Figure 3. Development of a random forest machine learning model to classify nuclear labeling patterns.
(A) A 3D scatter plot shows the principle component analysis of each nuclear pattern class identified in the HPA traning set of images.. (▽ = 3 cellular regions used; ○ = 7 cellular regions used) (B) Distance matrix showing the distance between each class after principle component analysis using either 3 (basic) or 7 (expanded) regions. (C) A scatter plot of the relative standard deviations (RSD) observed with collected features in the HPA and hybridoma image sets. Red indicates features excluded and not used for model generation. Inset represents expanded view of data contained in the indicated box. (D) Confusion matrix (top) and pair-wise ROC matrix of generated random forest model. (E) Odd ratios of patterns observed when random forest model is used to classify patterns observed in HPA nuclear proteome image data set. Error bars represent standard error with “**” indicating a p-value < 0.01 and “*” indicating a p-value < 0.05.
We next determined the relative standard deviation (RSD) for the panel of 60 features in cells from both the HPA (N = 68,732) and hybridoma screening (N = 97,698) image sets (Figure 3C). This was done to exclude metrics with a high degree of variation in only one of the two data sets, thereby skewing the classification model inappropriately. This was important due to the different types of instruments used to collect the HPA reference images and the hybridoma screening images. Of the 60 features, only 3 were found to have a RSD difference greater than 250 and thereby excluded from the feature list prior to model generation. The excluded metrics were:
INTENSITY_Pattern_mask_ch01_norm_HuMoment_5,
INTENSITY_Pattern_mask_ch01_norm_HuMoment_6, and
INTENSITY_dimDNA_mask_ch01_norm_Kurtosis
The first two metrics are based on the Hu set of pixel intensity moments that are invariant under translation and changes in object scale and rotation. The third metric is a measure of pixel intensity distribution. It is likely that these metrics remain sensitive to the differences in object resolution and contrast differences between HPA images and screening images despite attempts to scale HPA resolutions to match that seen in the screening image set.
Using the recursive partitioning forest (RF) classification model components within PLP, we generated a classification model based on the HPA derived training set. The overall accuracy using the restricted panel of 57 features was 97.3% with class accuracies ranging from 95.7–99.7% (Figure 3D, top). Pairwise analysis of receiver operating characteristic (ROC) scores demonstrate high model performance with scores exceeding 0.99 (Figure 3D, bottom).
We next used the RF model to classify the 68,732 cells within the HPA image set. For statistical analysis, the cells were randomly split into 5 groups. Interestingly, when the odds ratio of each nuclear pattern was calculated, a clear bias was observed (Figure 3E). For proteins identified as part of the NM proteome, the odds of either a nucleoli (p < 0.01), nuclear membrane (p < 0.01), and nuclear bodies (p < 0.05) pattern were increased relative to the other pattern classes. In contrast, for proteins associated with the nuclear protein proteome but not the NM, the nuclear hyperspeckles (p < 0.05) and nuclear diffuse (p < 0.01) patterns were more common. This is consistent to what others have observed by manual analysis and suggest that identifying hybridoma supernatants with nucleoli or nuclear membrane patterns would be more suggestive of a target associated with the NM [25].

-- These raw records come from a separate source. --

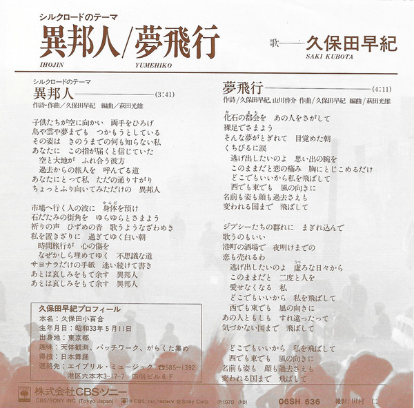 久保田早紀 = Saki Kubota – 異邦人 = Ihojin (7″, Single, Ora)
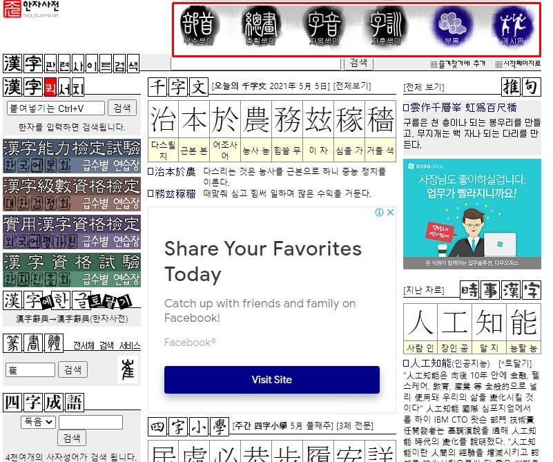 검색을 통해서 사이트를 쉽게 찾아볼 수 있습니다. 위 주소를 입력 후 접속하셔도 됩니다. 처음 접속 화면에서 부터 다양한 한자가 나오는걸 볼 수 있습니다.
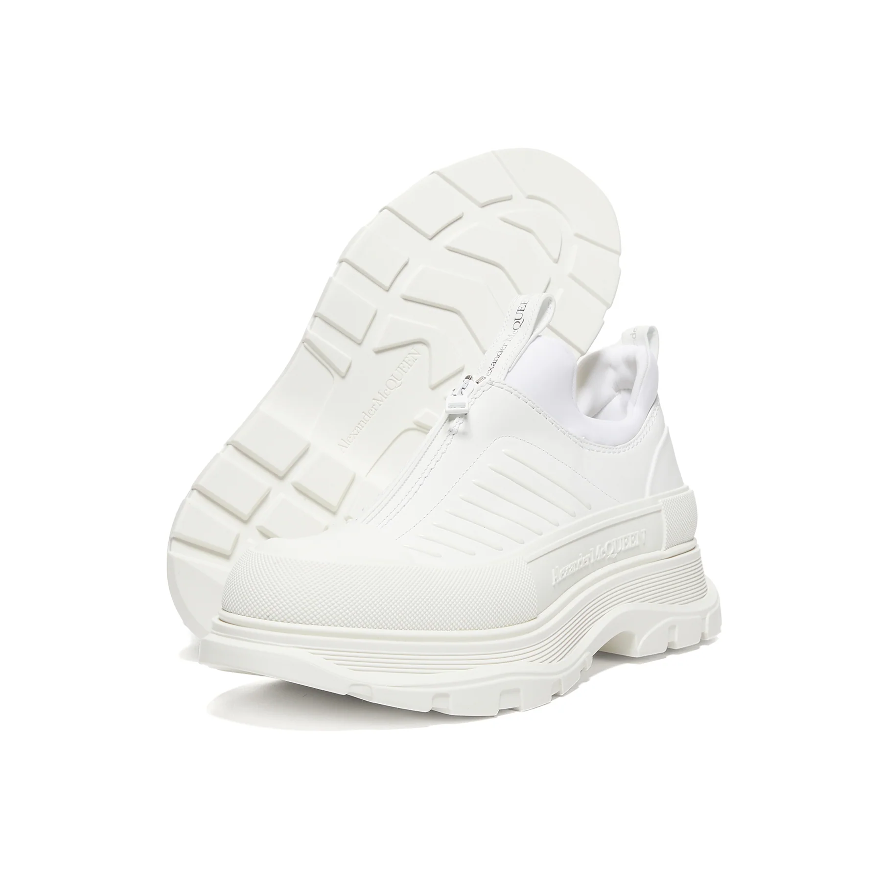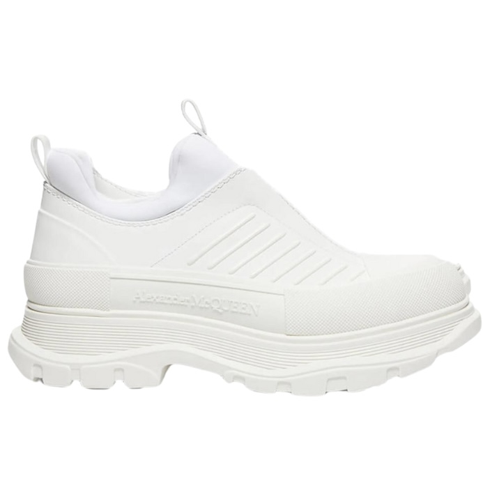 The Alexander McQueen Tread Slick Zip Up in ‘White’ embodies a fusion of high fashion and streetwear culture. Known for pushing boundaries, McQueen’s design philosophy shines through in this sneaker, which effortlessly marries elegance with an edgy vibe. Originally crafted for those who dare to stand out, this sneaker has become a staple for both the runway and the urban landscape. Crafted from premium leather, the upper features a sleek silhouette with subtle paneling that adds depth without overwhelming the minimalist aesthetic. The zip closure not only enhances the modern look but also provides practicality, making it easy to slip on and off. The cushioned outsole is designed for durability and traction, ensuring that you can navigate various terrains with confidence
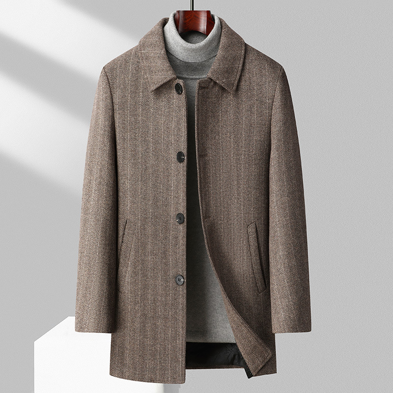 중간 길이의 남자 모직 코트 겨울 새로운 면 중년 및 노인 모직 코트 남자 아빠의 두꺼운
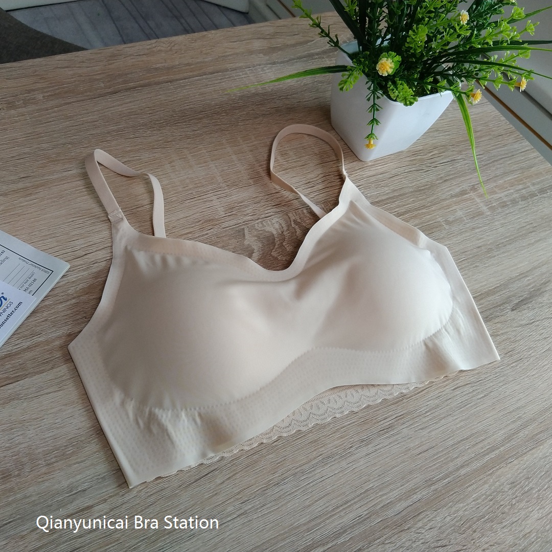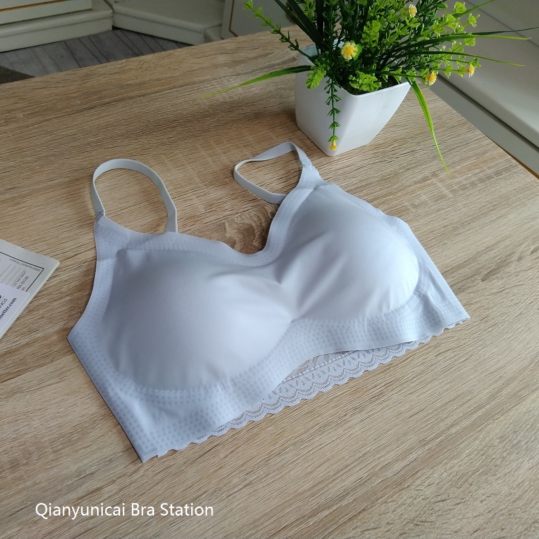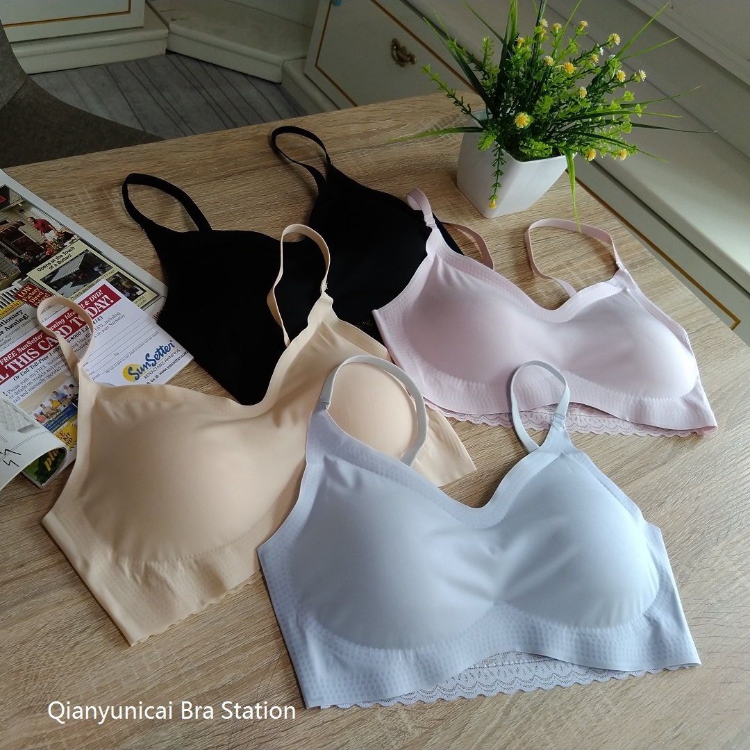 Japan Incognito ice silk cooling underwear Women's lace beauty back sports thin gathered base suspender without rim bra cover
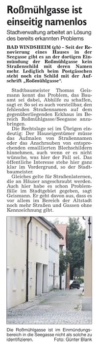 WZ 5. 9. 2014 "Roßmühlgasse ist einseitig namenlos","Bauhofwall ist ab Montag gesperrt", "Beachclub wird geräumt","Minister diskutieren Sicherheitspolitik", "Letzter Handel mit Milchkontingent steht an"
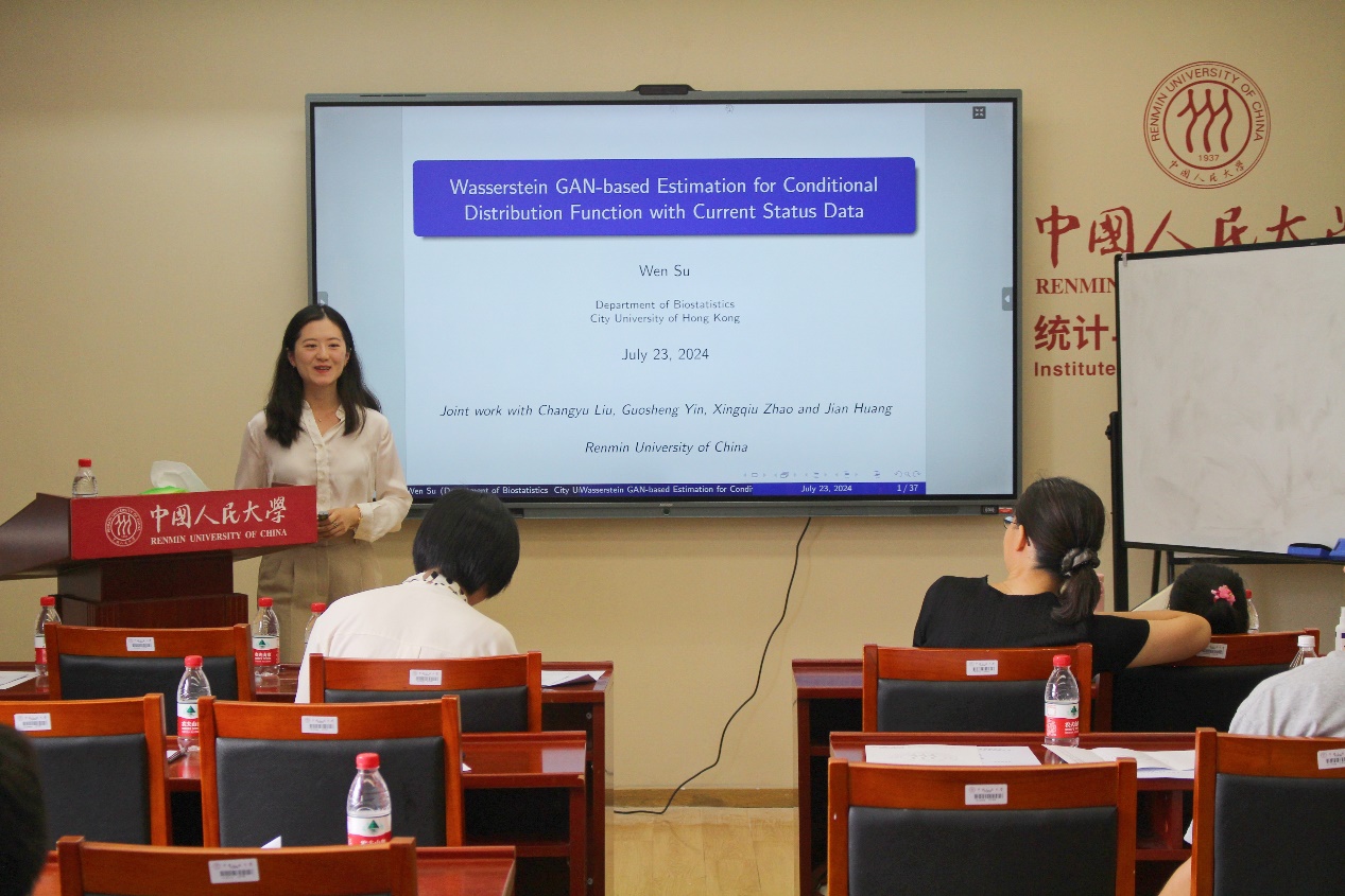 香港城市大学苏雯助理教授作了题为“Wasserstein GAN-based Estimation for Conditional Distribution Function with Current Status Data”的报告。

3.4. RF Classification of Hybridoma Supernatant Labeling Patterns
We next used the RF model to classify cells from the 402 hybridoma supernatant samples there were classified as nuclear using a criterion-based method. Due to the inherent differences in images from different types instruments used to collect the HPA images used to train the model, and those obtained from the hybridoma screening, the primary use of the RF model is to define the hybridoma supernatants most likely to belong to each labeling pattern. This is consistent with the primary goal of screening the hybridoma library, rapidly defining a diverse subset of antibodies that function in a standard IF labeling protocol, then followed by culture expansion and further characterization of only a subset of the initial library.

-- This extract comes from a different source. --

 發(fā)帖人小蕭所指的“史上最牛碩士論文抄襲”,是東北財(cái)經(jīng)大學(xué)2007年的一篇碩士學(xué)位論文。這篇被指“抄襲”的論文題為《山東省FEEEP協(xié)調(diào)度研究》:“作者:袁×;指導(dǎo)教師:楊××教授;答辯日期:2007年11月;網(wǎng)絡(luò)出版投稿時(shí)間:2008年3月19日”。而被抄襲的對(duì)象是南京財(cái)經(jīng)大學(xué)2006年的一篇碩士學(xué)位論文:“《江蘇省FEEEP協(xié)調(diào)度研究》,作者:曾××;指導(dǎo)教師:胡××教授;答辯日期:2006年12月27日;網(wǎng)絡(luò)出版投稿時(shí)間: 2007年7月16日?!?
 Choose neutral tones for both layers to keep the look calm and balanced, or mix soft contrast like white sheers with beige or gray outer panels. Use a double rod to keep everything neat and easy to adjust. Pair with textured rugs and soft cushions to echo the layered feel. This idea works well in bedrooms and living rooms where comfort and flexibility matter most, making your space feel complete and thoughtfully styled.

Using this approach, the probability of each cell belonging to each pattern class is determined and averaged for all cells belonging to a single hybridoma sample. The samples were then ranked ordered for each pattern class and the top 10 were classified as members of that pattern class (Figure 4). Inspection of the images by independent scorers confirmed that the pattern classification of these cells demonstrated 100% accuracy indicating a larger number of samples could be retained with minimal loss in accuracy if desired. Due to the bias in labeling patterns observed with NM proteins in the HPA image set, hybridoma cultures with supernatants that produced a labeling pattern belonging to the nucleoli, nuclear membrane, and nuclear body pattern classes were favored for further expansion and characterization. Consistent with the idea that differing patterns represents different target specificity, western blot analysis of hybridoma supernatants with a similar labeling pattern by IF tend to share predominant bands whereas supernatants with different IF labeling patterns produce bands of differing sizes (Figure 5).
Figure 4. Classification of hybridoma supernatants with nuclear labeling using RF model.
After criterion classification of a nuclear distribution, hybridoma supernatant labeling pattern was further sub-divided using a RF forest medel trained using images from the Human Protein Atlas (HPA). The top 10 supernatants for each pattern were identified and cell image shown. Number indicates assigned rank. For reference, a cell image from the HPA used for training is shown at the far right.
Figure 5. Western Blot Analysis of Selected Hybridoma Supernatants.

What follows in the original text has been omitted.